3.1 Reliance on pretest counseling when returning SFs
One of the most frequently discussed categories within each of the interviews was the reliance on beginning the conversation about whether or not the patient received pretest counseling before returning SFs. All of the interviewees started their conversations for return of SFs by asking patients if they remembered if this was discussed during pretest counseling. Two representative quotes that captured this strategy included the following: ‘I would start with reminding them [patients] that they opted to find out that type of information’ (Interviewee 5) and ‘I did it in terms of prepping them for the information and reminding them, “Remember when you were consented and we talked about this as a possibility?”’ (Interviewee 3). If the patient remembered, then the genetic counselor asked the patient to recall what they remembered.
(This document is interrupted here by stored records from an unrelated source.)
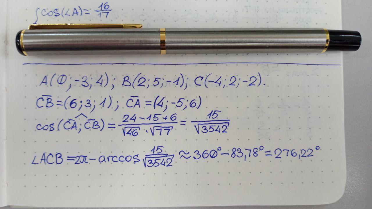A(O,-3,4), B(2,5,-1), С(-4,2,-2). Знайти зовнішній кут при вершині С.
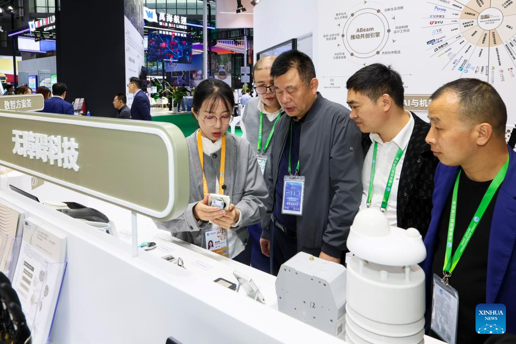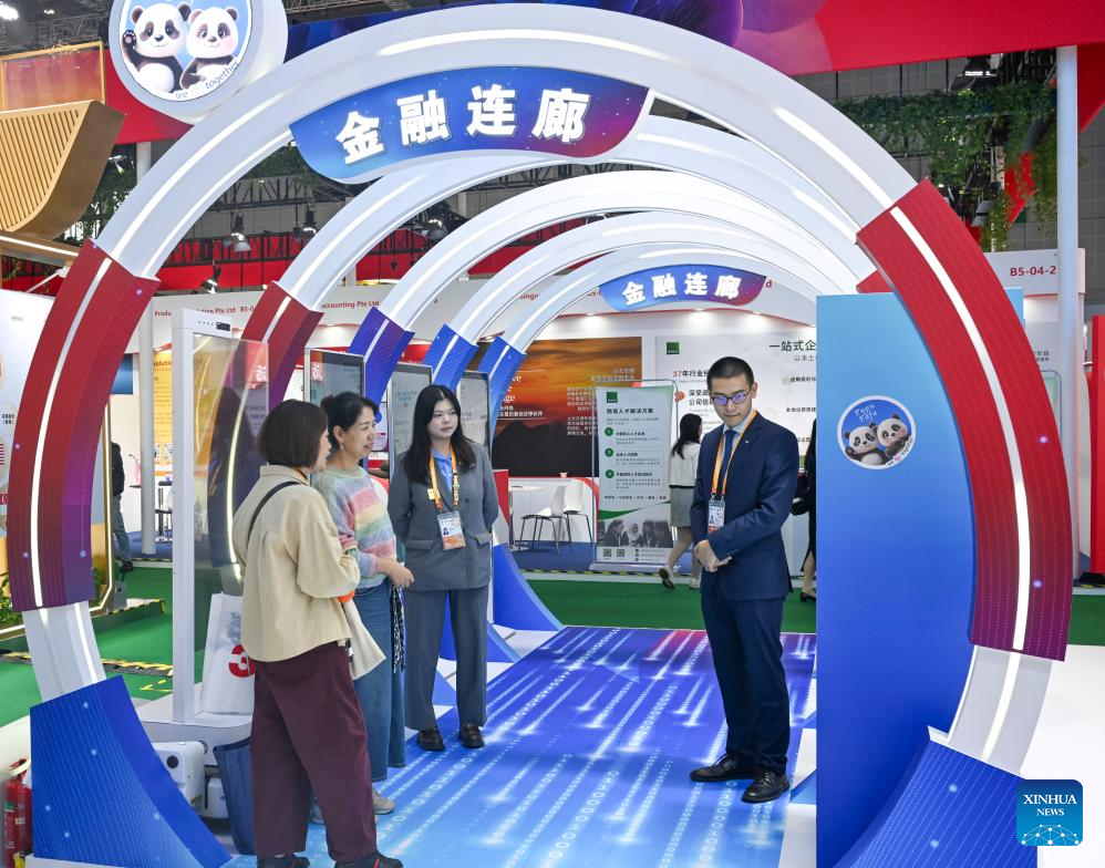 Visitors experience interactive installations at the booth of Shanghai Pudong Development Bank at the Trade in Services Exhibition area during the eighth China International Import Expo (CIIE) in east China's Shanghai, Nov. 9, 2025. The Service Trade Exhibition Area at this year's CIIE focuses on resource integration, attracting leading global service providers and industry clusters while enhancing the coordinated and open development of the service and manufacturing sectors. This creates more specialized enabling services to offer enterprises new opportunities for shared growth. (Xinhua/Chen Haoming)
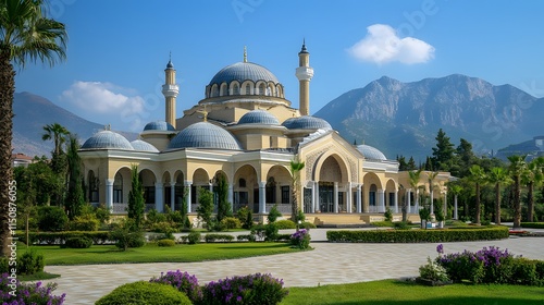 luxurious and magnificent mosque building, with a large and beautiful garden, with beautiful mountain views
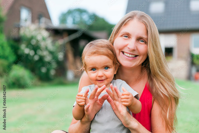 Happy young mother and baby in garden
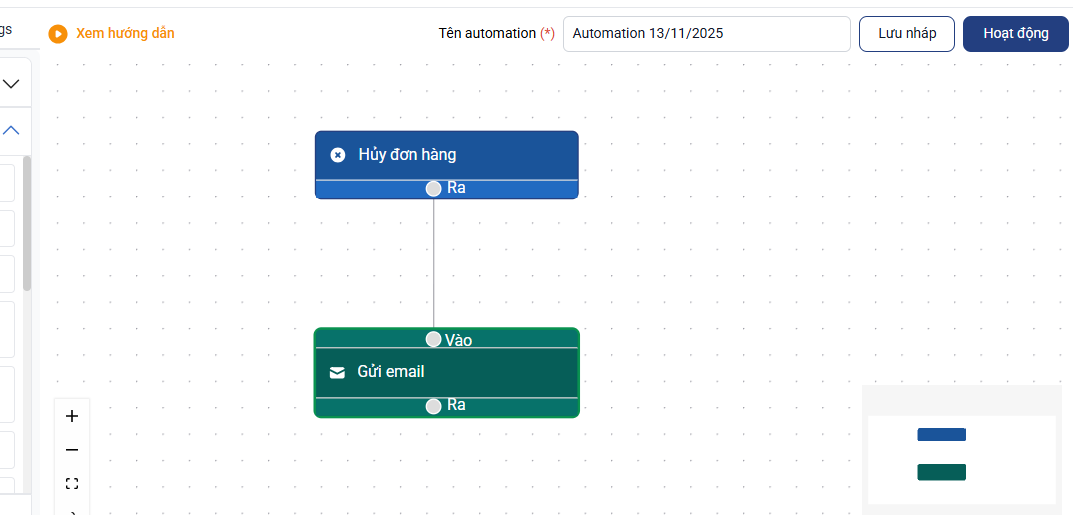 Để tạo automation gửi mail thông báo đến tài khoản tạo đơn hoặc tài khoản thực hiện đơn hàng khi đơn hàng bị hủy, các bạn thao tác như sau

When asked why this was the preferred strategy to begin the return of SFs, many interviewees stated it helped to structure the delivery of difficult news and gave a previous shared experience with the genetic counselor that helped the patient with acceptance of receiving the result. One participant stated it served as a type of ‘warning shot’. Other participants stated: ‘You wanted to know that information. Both of them [patient and family member] were like, “Yes, we know. We definitely wanted any information that you could give us”’ (Interviewee 6), and ‘Some people welcome the information because they feel that they can be proactive. It's like, “It's good to know all this type of information”’ (Interviewee 15).
I think having a good grasp of the family's dynamics but understanding the situation and having a lot of pre-test consent was very helpful to prepare me for discussing these results. If I hadn't met with the family previously, or if someone else had done the testing and I was just in charge of the results, it would have been much more difficult for me to gauge how they would take this. (Interviewee 7)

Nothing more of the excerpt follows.